Print only the lines from the top of the data through the line with "近日,印度孟买的五名男子外出", both included, skipping every picture.

» Input data
┌──

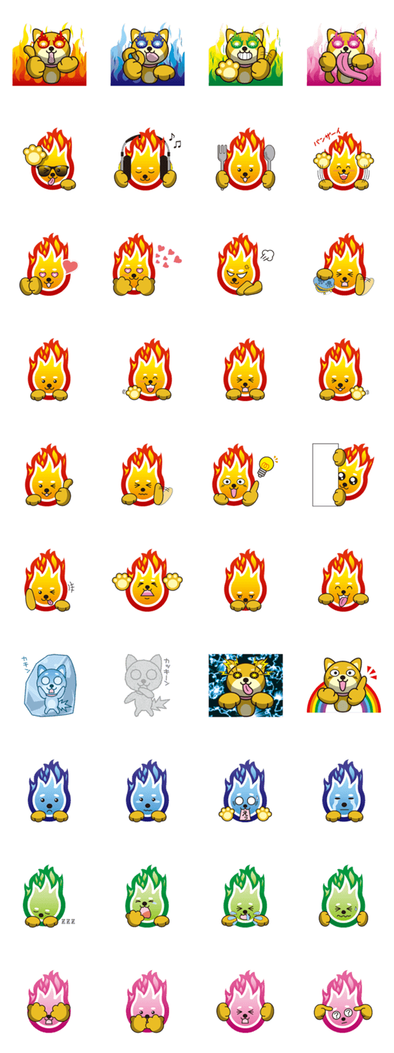 スタンプ説明 マメ柴シリーズ第2弾として「火の玉風」にアレンジしてみました。第1弾で好評だった「ファイヤーバック」など特典付きです。
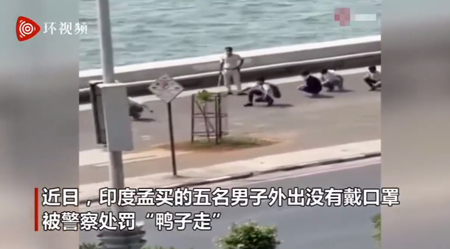 近日,印度孟买的五名男子外出没有戴口罩,被警察处罚“鸭子走”。视频中,五人蹲在地上学鸭子走路,旁边站了一名警察看着他们。在不远处的树荫下,还有几名警察和群众盯着他们看。视频在社交媒体上引发热议,有人认为警察的惩罚是幽默的,但也有人认为这是在进行阶级歧视。印度受疫情影响,在某些地区实行宵禁,并对未戴口罩的人罚款。当地媒体报道,有人称这五名男子是主动要求用鸭子走代替罚款。
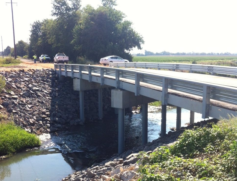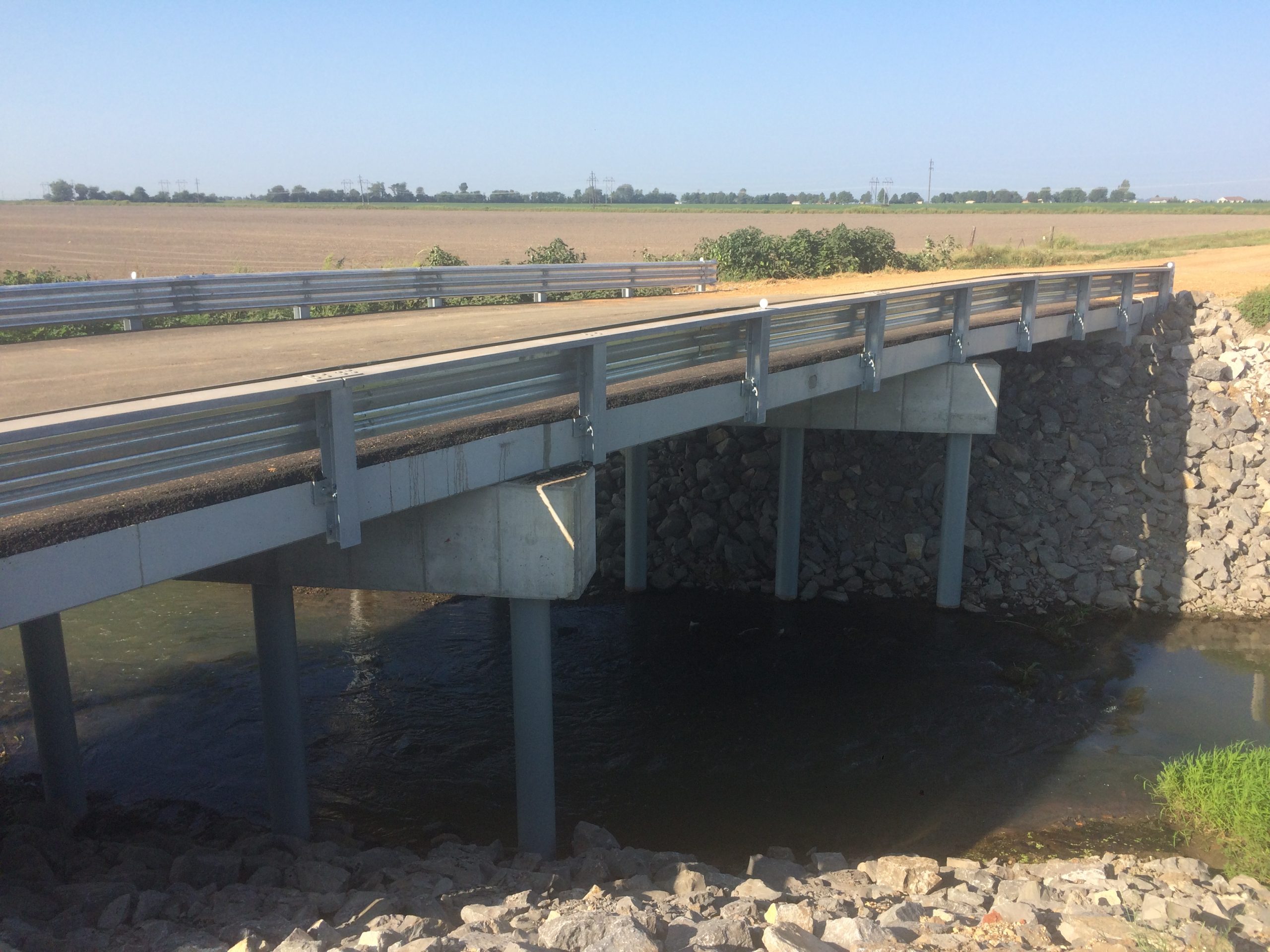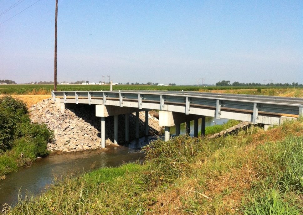 Horner & Shifrin provided design and construction engineering services for a replacement three-span 81-ft long bridge over Drainage Ditch No. 23. To minimize structure height and the need for profile adjustment due to hydraulics, final configuration was three 27-ft simple spans comprised of adjacent precast concrete C-beams with an asphalt wearing surface. The substructure was supported by 12-in diameter cast-in-place concrete piles. Low height barriers were provided to accommodate farm equipment. The project was constructed on a new alignment to eliminate a jog in the existing gravel road.

└──

» Solution to this problem
 スタンプ説明 マメ柴シリーズ第2弾として「火の玉風」にアレンジしてみました。第1弾で好評だった「ファイヤーバック」など特典付きです。
 近日,印度孟买的五名男子外出没有戴口罩,被警察处罚“鸭子走”。视频中,五人蹲在地上学鸭子走路,旁边站了一名警察看着他们。在不远处的树荫下,还有几名警察和群众盯着他们看。视频在社交媒体上引发热议,有人认为警察的惩罚是幽默的,但也有人认为这是在进行阶级歧视。印度受疫情影响,在某些地区实行宵禁,并对未戴口罩的人罚款。当地媒体报道,有人称这五名男子是主动要求用鸭子走代替罚款。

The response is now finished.